Scientology, Political Correctness, etc.) to a bemused world. So when the chavs defaced Churchill's statue in London, they were not so much acknowledging suppressed historical truth as jumping on the bandwagon of the American political-infotainment complex. Basking in the reflected glory of legitimate American civil rights activists, they simply couldn't contain their destructive impulses. The media enjoins us to excuse such destruction. I reply that self-righteousness, wedded with youthful ignorance, is a heady intoxicant. Can the media also excuse American activism, irresponsibly spread? Or the collateral damage it inflicts upon those not even involved in the conversation?


And this is why we are in crisis. The forces necessary to destabilize civilization - challenges to foundational principles such as freedom of speech and religion, attacks on institutions, attacks on tangible manifestations of civic identity like statues and government buildings - have been unleashed. And they are spreading across the West, powered by the tools of social media. But they are tethered to no one leader, ideological movement or specific set of

objectives. They are, rather, an amorphous cultural phenomenon resulting from a perfect storm of activist academics, youth demographics and opportunistic corporate branding. We exist in a moment where money and carefully-branded mass movements, championed by a generation of digitally-deluded zombie-troopers, combine to foment genuine civil unrest.
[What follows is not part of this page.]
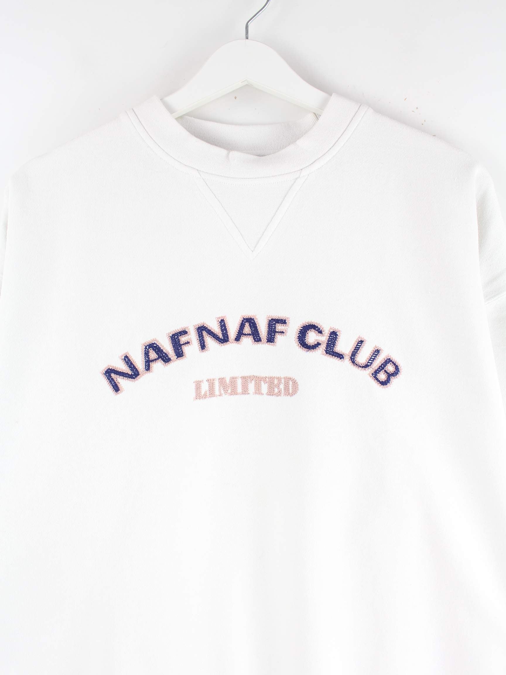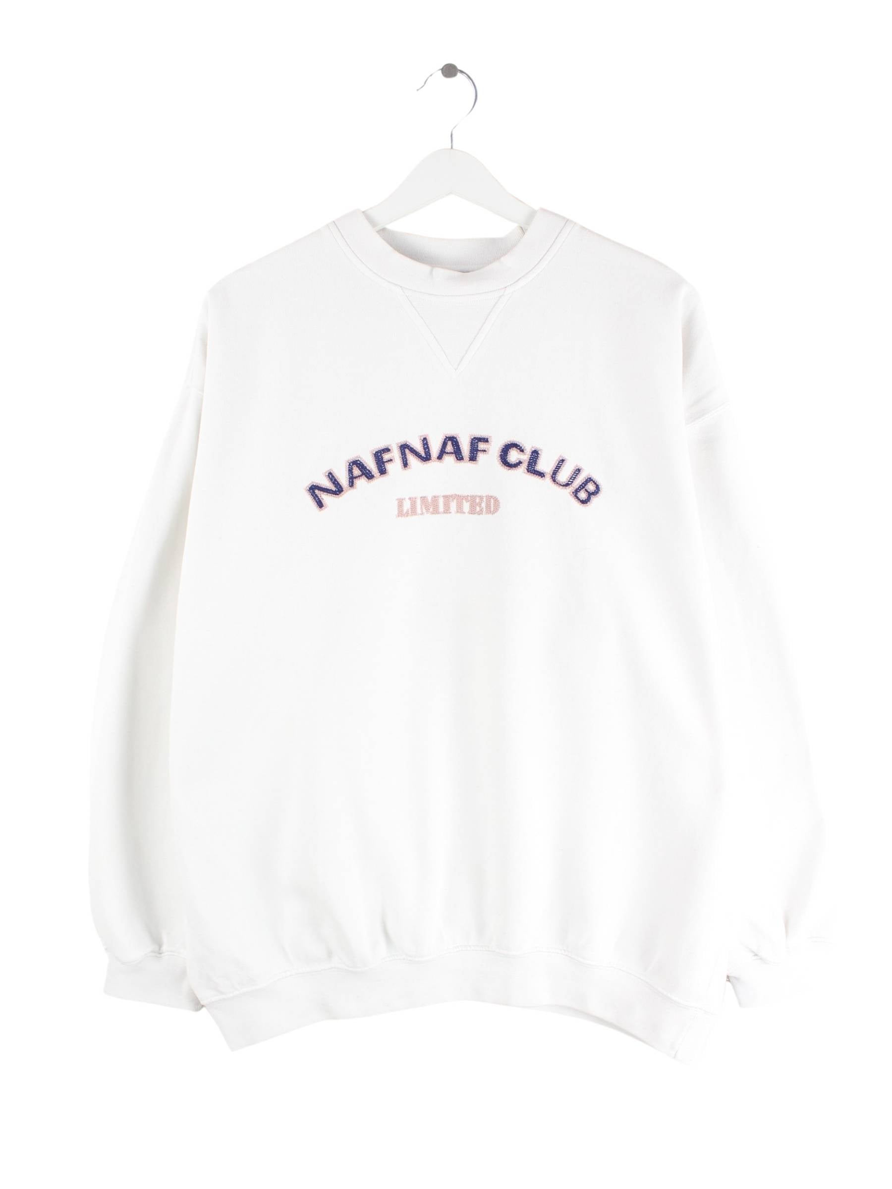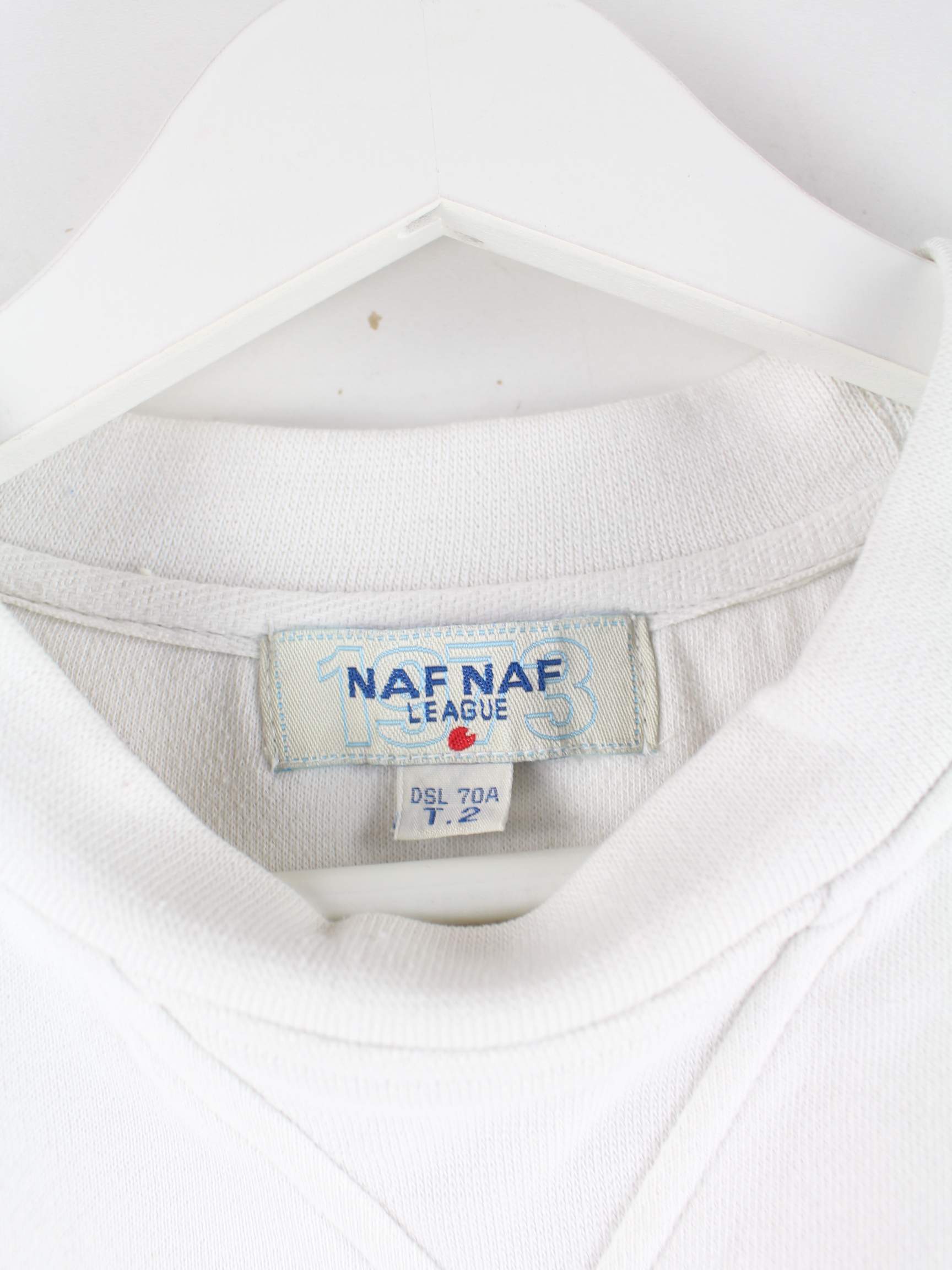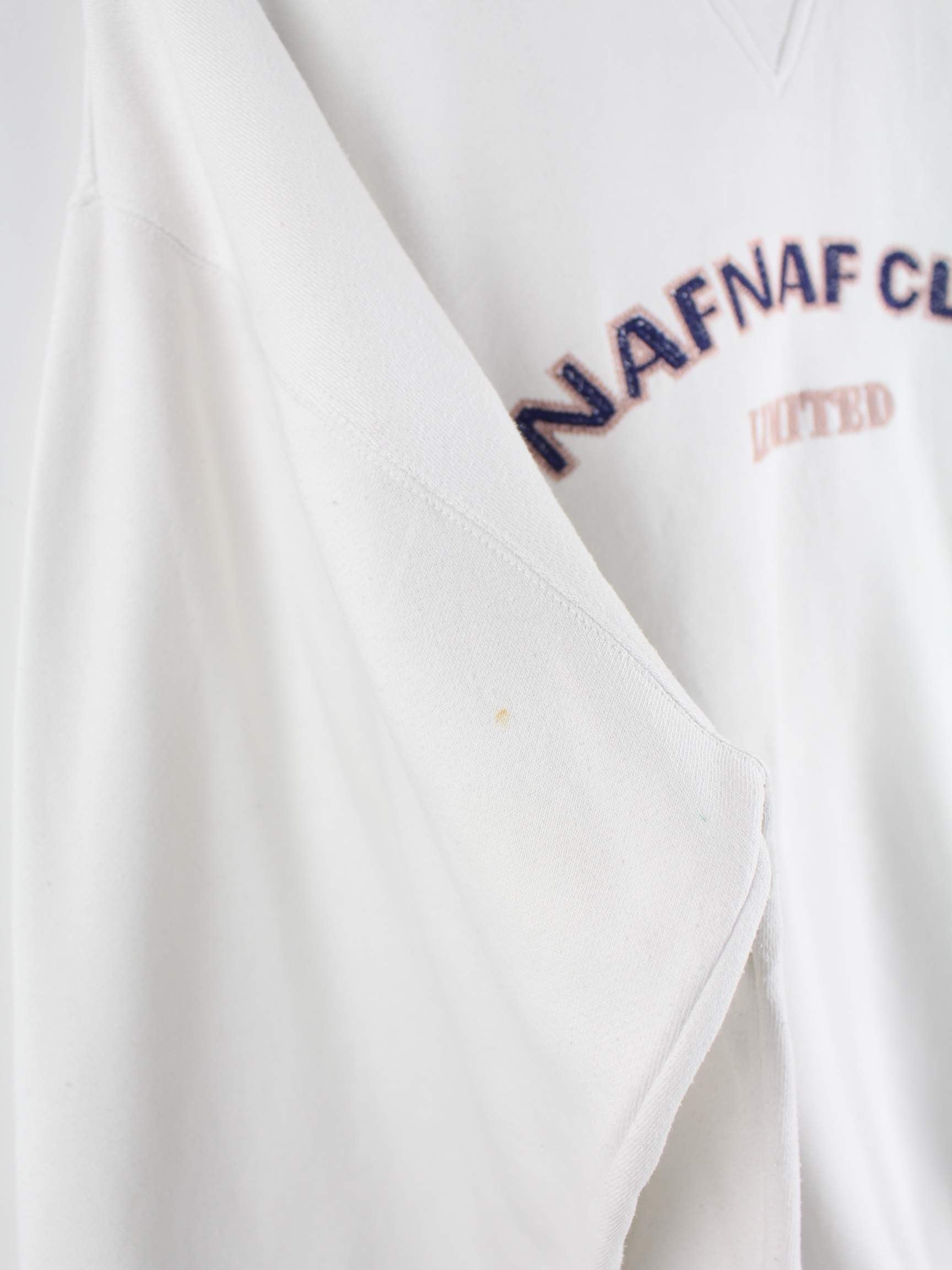 Weißer Sweater mit Stick vom Brand Naf Naf aus den 90'ern in Größe L. Er ist aus einer Baumwollmischung und in gutem Zustand im Angebot.

One can hope that this movement may find its political footing as it goes. Certainly, others have. But each one's shape, character and objective were the result of a philosophical context for the relevant material conditions. Mao's communist party structure and goals derived from the Chairman's careful study of Chinese peasant life. In the case of the Bolsheviks, it was the driving will and political acumen of Vladimir Lenin that informed the character of the emerging Soviets. Castro's Cuba had the ideological coherence of Guevara's writings to midwife its unique socialism into being. What ideological threads do we detect in our surreal cultural moment?


One force informing the emerging mass youth movement is economic. The generally Millennial rioters belong to the most socially-disadvantaged demographic since, well, Generation X. But they are somehow savvy enough to set up a host of podcasts, web live-feeds and fundraising campaigns. Worth noting, too, is the booming business of retailers selling black hoodies, bandanas, backpacks, water bottles and hockey gear of the sort I've seen modified for use as primitive body-armor by demonstrators. In a time of economic slow-down, demonstrations are good for retail business.


And there has also been no lack of media grandstanding. Suivi the original Antifa, we now see Antifa Moms in their yellow t-shirts (which appeared with the magical swiftness characteristic of any spontaneous movement). Joining them also are vets lining up at parade rest, some in BLM shirts. There is a sense that this, however chaotic, is a historic moment. No doubt new groups, movements and t-shirts will continue to emerge as people seek to become immortalized within a fractal of the widening zeitgeist.


Aside from such gimmickry and retail activity, there seems to be little ideology to this movement beyond mere self-interest and commerce. While they may be the sole virtues recognizable to an American spirit hollowed-out by decades of soul-deadening capitalism, they do no real service as an ideology. Absent any unifying purpose beyond corporate branding, the present mass movement is a many-splendor'd beast with something for every causeless rebel. But it is ultimately directionless and increasingly violent. Carried to its logical conclusion, such momentum would leave very little in its wake but rubble.